*Después de había señalado que reconocería la derrota si Roberto Sandoval ganaba y ahora miente como siempre lo hizo durante toda la campaña
*El talibán sigue lavándoles el coco a todos
Por: MARIO LUNA
TEPIC.- En conferencia de prensa la candidata a la gubernatura por el Partido de Acción Nacional, Martha Elena García de Echevarría, de manera categórica y asesorada en todo momento por el diputado de su partido Carlos Hernández Ibarría mejor conocido como el Talibán, dijo que no reconoce su derrota como lo han venido anunciando y que menos reconoce el triunfo del hoy gobernador virtual Roberto Sandoval.
Y es que según ella, los resultados que se han venido dando no solo en el ámbito local sino nacional, han sido manipulados a favor del abanderado de la coalición Nayarit Nos Une, para hacerlo aparentar que fue el triunfador, cosa que para ella es toda una mentira, ya que las cifras la hacen ganadora a ella.
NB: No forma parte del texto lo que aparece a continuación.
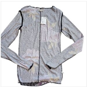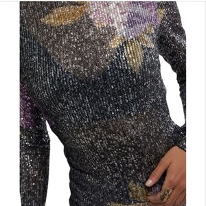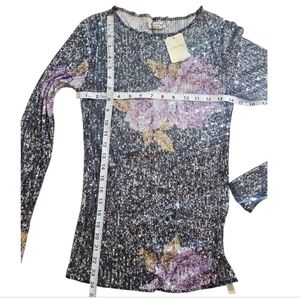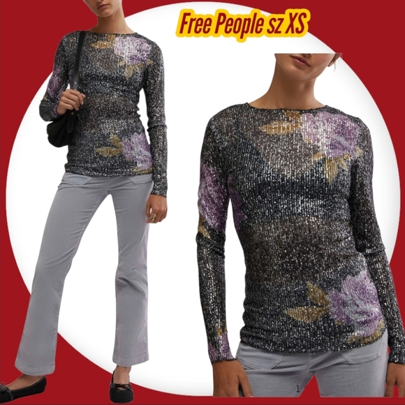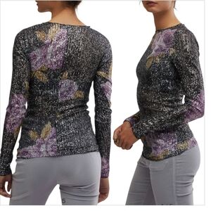 Free People Black and Purple Floral Sequin Long Sleeves Blouse Top
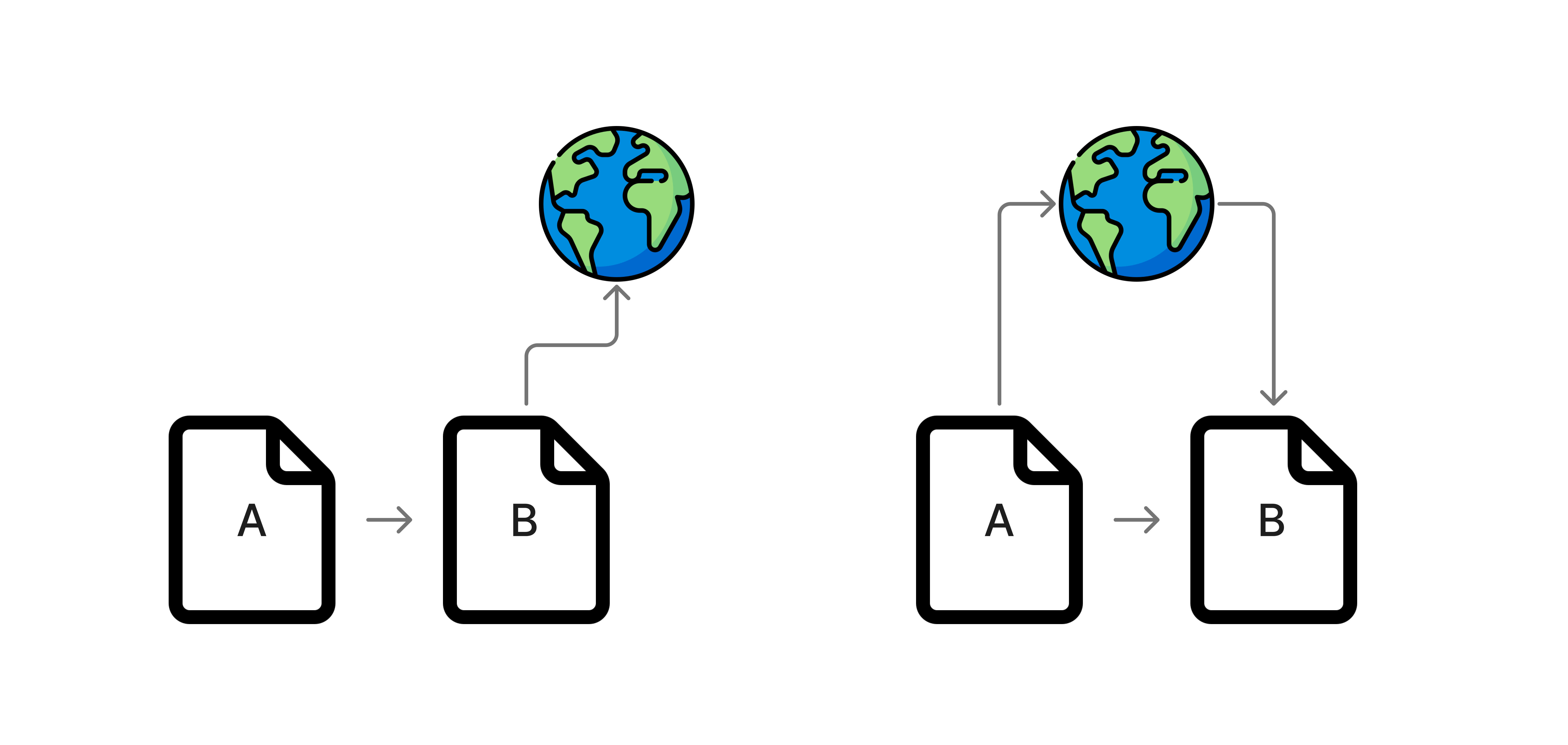 글 목록 역할을 하는 "페이지 A" 에서 글 상세의 역할을 하는 "페이지 B"로 이동하는 버튼을 클릭한 경우를 보겠습니다.

Pese a que se ha informado que de acuerdo a los resultados preliminares de la contienda electoral de este fin de semana, el triunfo es arrollador y que le corresponde a Roberto Sandoval Castañeda, a quien se le señala que tiene una gran ventaja de más de 40 mil votos contra su más cercano contendiente, Martha Elena lo desmiente y lo pone en la tela de duda.
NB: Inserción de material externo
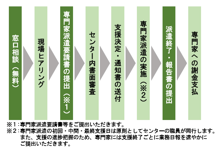 ・前年度専門家派遣を受けている場合は、同一企業への同一のテーマ、かつ同一専門家による派遣は、原則できません。
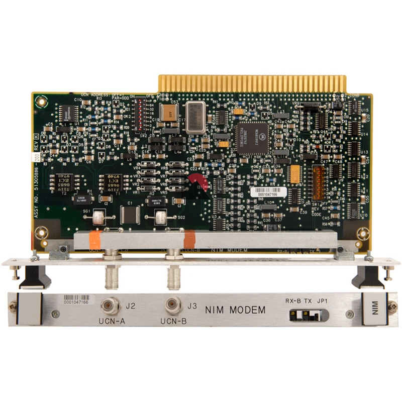 The 51305896-200 Modem is the paddle card in the CE NIM with connections for the UCN network cables, A & B. This single paddle board replaces the functions of the PNM, the PNM I/O, the PNI I/O, and the mini-coax in the older configurations of the NIM. The MODEM can be used for a carrier band PIN (Plant Information Network) in the Network Gateway.

Ni aún esos más de 40 mil votos en su contra, dijo la abanderada panista, la harán desistir de que ella tiene la razón de que ganó la elección, por lo que se irá hasta las últimas consecuencias y ante donde sea necesario para hacer que su triunfo sea reconocido para bien de Nayarit y de su gente.
En ese mismo marco de no reconocer derrota y menos reconocer triunfos ajenos, Martha Elena García, agradeció a quienes votaron por ella, por aquellos que quisieron la paz y el trabajo para Nayarit y que hoy se los quieren arrebatar, es por lo que se ha demandado el conteo de acta por acta, casilla por casilla.
Es preciso señalar que en dicha conferencia que fue unilateral, solo para que hablara Martha Elena García, no se permitió que se le cuestionará con ningún tipo de preguntas, ya que se argumentó que estaba muy sensible por los resultados que no se le quieren respetar y en efecto, se pudo ver un rostro desencajado, con una mirada perdida y con los ojos vidriosos como queriendo llorar, no sabemos si por el enojo de que el pueblo la rechazó al no darle su voto o por la angustia de no ser gobernadora como era su sueño.